Swimmers look to make their mark
GWANGJU, South Korea, July 16, (Agencies): After 10 kilometers of open-water swimming in the sea, world championship organizers needed a photo finish to determine the winner of the Olympic qualifier on Tuesday.
Florian Wellbrock of Germany edged France’s Marc-Antoine Olivier by two-tenths of a second to take the gold medal. The 21-year-old Wellbrock finished in 1 hour, 47 minutes, 55.90 seconds, shading Olivier at the finish.
Another German swimmer, Rob Muffels, earned bronze in 1:47.57.40.
Wellbrock and Olivier were locked in a two-man race for the gold medal in a final 200-meter sprint to the finish line. The group in close pursuit included Muffels, who used his experience to emerge from that tight bunch to finish third.
Wellbrock was the race and pace leader for much of the event. The few times that he was not leading he was in the top three and dropped back to sixth only briefly to conserve his energy for the final sprint.
“I believe that working together with Rob and also training at altitude helped both of us,” Wellbrock said. “I admit that it’s a big and also a hard step to be on the podium next year in Tokyo, but with hard work it may be possible.”
Wellbrock said he plans to also swim in two pool events at Tokyo, including the 1,500-meter race.
Hungarian swimmer Kristof Rasovszky, who won the 5-kilometer race on Saturday, was fourth in 1:47.59.50 and American Jordan Wilimovsky, who won silver at the last world titles, was fifth in a time of 1:48.01.00.

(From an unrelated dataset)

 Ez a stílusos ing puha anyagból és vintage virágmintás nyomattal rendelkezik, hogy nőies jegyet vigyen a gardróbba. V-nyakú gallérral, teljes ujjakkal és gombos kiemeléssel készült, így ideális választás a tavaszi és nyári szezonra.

The top 10 finishers in the race earned spots for their countries in next year’s 10-kilometer race at the Tokyo Olympics.

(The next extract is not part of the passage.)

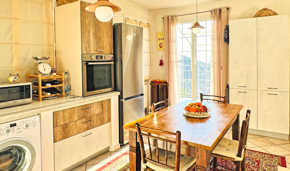 La cucina, aperta sul soggiorno, è pronto per ospitare ricette di famiglia o piatti da gustare nella veranda esterna, immersi nella quiete del giardino.

Defending world and Olympic champion Ferry Weertman of The Netherlands faded to seventh, six seconds behind Wellbrock, but will still have a chance to defend a title next year in Tokyo.

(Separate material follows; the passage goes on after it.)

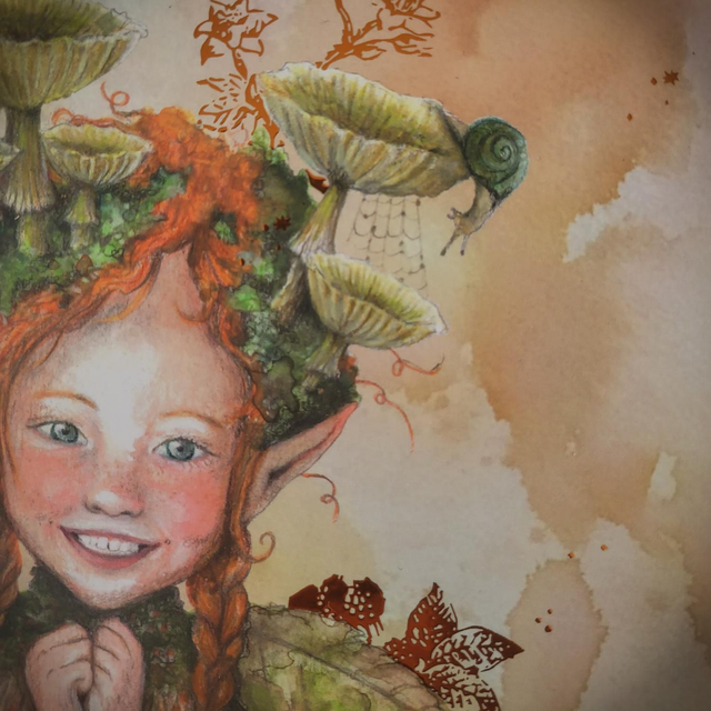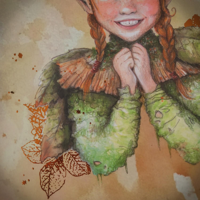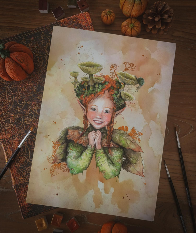 Réalisée à la main avec des crayons de couleur et de l'aquarelle, elle capture la magie de l'automne avec ses finitions bronze étincelantes.🎨🍂🍁✨️

The open water races continue Wednesday with the women’s 5-kilometer race, followed by the 5-kilometer team relay on Thursday and the 25-kilometer races for men and women on Friday. All are non-Olympic events.
The slogan for this month’s world aquatics championships in South Korea is “Dive into Peace” but geopolitics will be the last thing on swimmers minds as they plunge into the Gwangju pool looking to lay down a marker ahead of the 2020 Olympics.
A total of 42 swimming gold medals will be up for grabs at the biennial championships, a platform which catapulted future Olympic great Michael Phelps onto the global stage as a 15-year-old in 2001.
While Phelps has long since hung up his goggles, American swimming looks no less dominant with freestyle queen Katie Ledecky and sprint powerhouse Caeleb Dressel spearheading the US roster for the July 21-28 meet.
Ledecky, who is looking to add to her haul of 14 gold medals, is the world record holder in the 400, 800 and 1,500 and will compete in all three events, plus the 200.
How the five-times Olympic champion handles that punishing schedule will be a good indicator of her chances of sweeping all four at next year’s Tokyo Games, which has added the 1,500 to the programme.
Even if the 22-year-old struggles to peak in all four it is highly unlikely she will drop the 1,500 since she holds nine of the 10 fastest times ever swam in the event.
If she is to be beaten in Gwangju, however, the 200 is where it might happen.
Australian Ariarne Titmus has emerged as a real threat with the fastest time of the year (1:54.30) with compatriot Emma McKeon close to that mark at last month’s Australian trials.
Swede Sarah Sjostrom and Italian Federica Pellegrini have also swam faster than Ledecky in the 200 this year.
Sjostrom has won her preferred event, the 100 butterfly, at four previous world championships and victory next week would make her the first female swimmer to win the same event five times.
Hungarian Katinka Hosszu could also collect her fifth win in the 400 individual medley on the final day of the championships.
For 2020 Olympics hosts Japan, gold medals may be in short supply.
Rikako Ikee, who became the first swimmer to win six gold medals at an Asian Games last August, will be absent as the 19-year-old battles leukaemia, while Rio Olympics 400 individual medley gold medallist Kosuke Hagino is taking time off to get in the right physical and mental shape for 2020.
A decade after Phelps won seven gold medals at the 2007 championships, Dressel repeated that record feat in Budapest and the American heads into the worlds in solid form for the 50 and 100 freestyle and butterfly.
The Florida native will not have it all his own way, though, with Australia’s Kyle Chalmers leading the way in the 100 free this year while Brazil’s Nicholas Santos has been setting the times to beat in the 50 fly.
Santos was originally left off Brazil’s roster as his event is not on the Olympic programme but organisers FINA issued the 39-year-old with a special invitation to compete in Korea.